In the early days of impact bonds, there was talk of double digit returns, but one investor, who asked to be anonymous, says: “There has been a lot of misinformation out in the public domain around the level of return that investors have been making.. And I can say as one of the investors, it’s not huge.”

With career impact bonds, Palandjian also says returns will be modest. “No one’s getting rich,” she says.

Palladium Impact Capital, a capital advisory services company focused on impact investing, says the impact bond market at the moment is only viable for “pretty committed investors”.

Steven Van Weede, Managing Director at Palladium says: “These investors have to feel pretty strongly about the intervention. If you think about what investing is, it’s the ability to assess risk and ensure that it is priced properly. That is difficult for many of these interventions, where there is so little track record still. It’s not always easy for an investor coming in from the outside. That’s quite a big step but as cases grow it will be easier for people to make that leap.”
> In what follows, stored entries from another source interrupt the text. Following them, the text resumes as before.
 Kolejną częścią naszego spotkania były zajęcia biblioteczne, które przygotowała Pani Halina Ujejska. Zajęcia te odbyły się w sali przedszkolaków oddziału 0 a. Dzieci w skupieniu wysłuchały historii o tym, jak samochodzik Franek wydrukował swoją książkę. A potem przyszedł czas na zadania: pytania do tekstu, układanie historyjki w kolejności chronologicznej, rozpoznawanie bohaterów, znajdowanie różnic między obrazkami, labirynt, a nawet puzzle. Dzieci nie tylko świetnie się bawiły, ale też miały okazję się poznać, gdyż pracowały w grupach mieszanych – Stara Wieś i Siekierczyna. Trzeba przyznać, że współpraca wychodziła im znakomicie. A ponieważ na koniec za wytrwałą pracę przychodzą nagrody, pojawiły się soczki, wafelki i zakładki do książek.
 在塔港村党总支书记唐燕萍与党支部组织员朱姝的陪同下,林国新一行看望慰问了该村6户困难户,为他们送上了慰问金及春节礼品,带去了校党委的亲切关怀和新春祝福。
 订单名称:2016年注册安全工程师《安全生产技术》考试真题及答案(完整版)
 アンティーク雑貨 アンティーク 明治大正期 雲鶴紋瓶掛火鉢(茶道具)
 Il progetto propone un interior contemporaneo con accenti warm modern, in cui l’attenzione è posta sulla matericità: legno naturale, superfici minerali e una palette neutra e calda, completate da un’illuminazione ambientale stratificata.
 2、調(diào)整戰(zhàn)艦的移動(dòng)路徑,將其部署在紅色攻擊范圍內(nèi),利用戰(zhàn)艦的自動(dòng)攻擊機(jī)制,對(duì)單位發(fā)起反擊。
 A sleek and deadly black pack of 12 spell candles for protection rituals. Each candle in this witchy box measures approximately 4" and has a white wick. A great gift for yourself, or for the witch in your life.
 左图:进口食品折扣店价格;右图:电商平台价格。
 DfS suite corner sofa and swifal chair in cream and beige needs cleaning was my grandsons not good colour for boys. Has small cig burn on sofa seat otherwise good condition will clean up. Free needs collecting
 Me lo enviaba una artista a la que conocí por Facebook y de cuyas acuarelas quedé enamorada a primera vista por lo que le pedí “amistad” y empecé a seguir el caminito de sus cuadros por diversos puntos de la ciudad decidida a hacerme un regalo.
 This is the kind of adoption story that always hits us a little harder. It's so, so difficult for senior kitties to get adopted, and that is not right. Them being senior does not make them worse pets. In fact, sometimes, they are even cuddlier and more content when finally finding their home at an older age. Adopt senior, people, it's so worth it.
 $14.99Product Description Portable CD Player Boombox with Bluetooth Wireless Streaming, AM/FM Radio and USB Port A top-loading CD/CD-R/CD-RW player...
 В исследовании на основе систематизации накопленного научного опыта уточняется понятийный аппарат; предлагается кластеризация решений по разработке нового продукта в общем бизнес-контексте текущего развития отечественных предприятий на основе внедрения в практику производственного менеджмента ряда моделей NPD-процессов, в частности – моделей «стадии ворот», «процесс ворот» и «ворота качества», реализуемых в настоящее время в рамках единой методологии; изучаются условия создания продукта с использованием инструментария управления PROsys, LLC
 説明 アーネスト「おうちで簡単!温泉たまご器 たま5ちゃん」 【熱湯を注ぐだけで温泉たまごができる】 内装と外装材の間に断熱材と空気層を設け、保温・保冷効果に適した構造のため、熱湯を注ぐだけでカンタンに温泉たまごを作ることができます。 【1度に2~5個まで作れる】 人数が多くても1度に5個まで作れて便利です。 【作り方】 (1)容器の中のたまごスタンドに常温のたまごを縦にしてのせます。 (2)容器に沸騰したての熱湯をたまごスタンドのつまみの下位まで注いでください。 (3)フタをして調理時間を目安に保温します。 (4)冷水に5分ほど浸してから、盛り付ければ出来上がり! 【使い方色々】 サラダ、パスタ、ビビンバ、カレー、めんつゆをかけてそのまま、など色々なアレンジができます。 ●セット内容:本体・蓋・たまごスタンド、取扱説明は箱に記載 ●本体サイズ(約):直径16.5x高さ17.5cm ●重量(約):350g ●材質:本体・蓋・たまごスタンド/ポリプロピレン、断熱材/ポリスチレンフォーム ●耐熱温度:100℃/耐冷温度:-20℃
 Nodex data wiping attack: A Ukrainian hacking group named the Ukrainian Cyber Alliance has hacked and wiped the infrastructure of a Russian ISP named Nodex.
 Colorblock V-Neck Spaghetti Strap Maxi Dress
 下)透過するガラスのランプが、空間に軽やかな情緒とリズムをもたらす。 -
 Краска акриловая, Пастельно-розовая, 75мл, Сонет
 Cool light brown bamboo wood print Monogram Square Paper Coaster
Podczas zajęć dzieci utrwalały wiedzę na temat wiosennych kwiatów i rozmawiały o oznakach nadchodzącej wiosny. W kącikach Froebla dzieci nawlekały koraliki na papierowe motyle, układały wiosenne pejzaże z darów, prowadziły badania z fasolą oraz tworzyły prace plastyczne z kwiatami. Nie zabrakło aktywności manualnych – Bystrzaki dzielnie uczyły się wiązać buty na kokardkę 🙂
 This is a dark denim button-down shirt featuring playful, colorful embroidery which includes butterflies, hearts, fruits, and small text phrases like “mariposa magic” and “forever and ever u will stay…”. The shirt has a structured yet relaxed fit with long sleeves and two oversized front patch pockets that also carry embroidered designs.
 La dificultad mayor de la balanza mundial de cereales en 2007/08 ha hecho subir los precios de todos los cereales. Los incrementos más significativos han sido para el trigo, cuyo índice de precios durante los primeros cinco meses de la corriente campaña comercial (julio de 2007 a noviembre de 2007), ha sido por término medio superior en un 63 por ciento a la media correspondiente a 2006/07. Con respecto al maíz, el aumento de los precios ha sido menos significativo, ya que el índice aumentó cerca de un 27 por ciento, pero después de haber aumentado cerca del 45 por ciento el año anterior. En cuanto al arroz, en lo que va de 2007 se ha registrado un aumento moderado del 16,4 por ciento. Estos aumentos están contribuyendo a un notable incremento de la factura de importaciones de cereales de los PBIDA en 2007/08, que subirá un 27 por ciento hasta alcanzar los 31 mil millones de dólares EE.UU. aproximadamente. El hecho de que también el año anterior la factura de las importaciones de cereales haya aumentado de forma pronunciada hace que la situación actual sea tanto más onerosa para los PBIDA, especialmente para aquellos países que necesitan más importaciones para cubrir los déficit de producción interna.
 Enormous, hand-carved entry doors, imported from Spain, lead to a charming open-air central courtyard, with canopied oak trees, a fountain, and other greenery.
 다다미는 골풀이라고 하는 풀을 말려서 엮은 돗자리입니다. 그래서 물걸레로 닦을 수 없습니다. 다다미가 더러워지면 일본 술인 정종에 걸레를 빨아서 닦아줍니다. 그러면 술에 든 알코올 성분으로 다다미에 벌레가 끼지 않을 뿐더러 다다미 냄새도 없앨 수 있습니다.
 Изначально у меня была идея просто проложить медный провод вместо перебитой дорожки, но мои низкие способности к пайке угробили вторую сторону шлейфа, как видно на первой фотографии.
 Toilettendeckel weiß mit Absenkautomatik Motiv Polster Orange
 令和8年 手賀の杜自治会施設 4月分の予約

Preeth Gowdar, Director at Palladium agrees, saying the model is also often bespoke, adding to cost and complexity. But he adds that investors today are helping to prime the market, such as UBS through its philanthropic foundation and corporates in countries like India, which are exploring whether funding impact bonds can count towards government mandated CSR spending.

Australia-based insurer QBE and French bank BNP Paribas are also among keen mainstream supporters of impact bonds.

Gowdar says: “There is probably an additional or more aspirational idea to create blended structures whereby a concessionary funder is able to de-risk someone else’s investment in an impact bond. There is some potential there.

“It’s a little bit of a lofty idea bringing blended finance to developing impact bonds. It may not happen tomorrow, but it’s a possibility for the future to be able to get more traditional money involved.”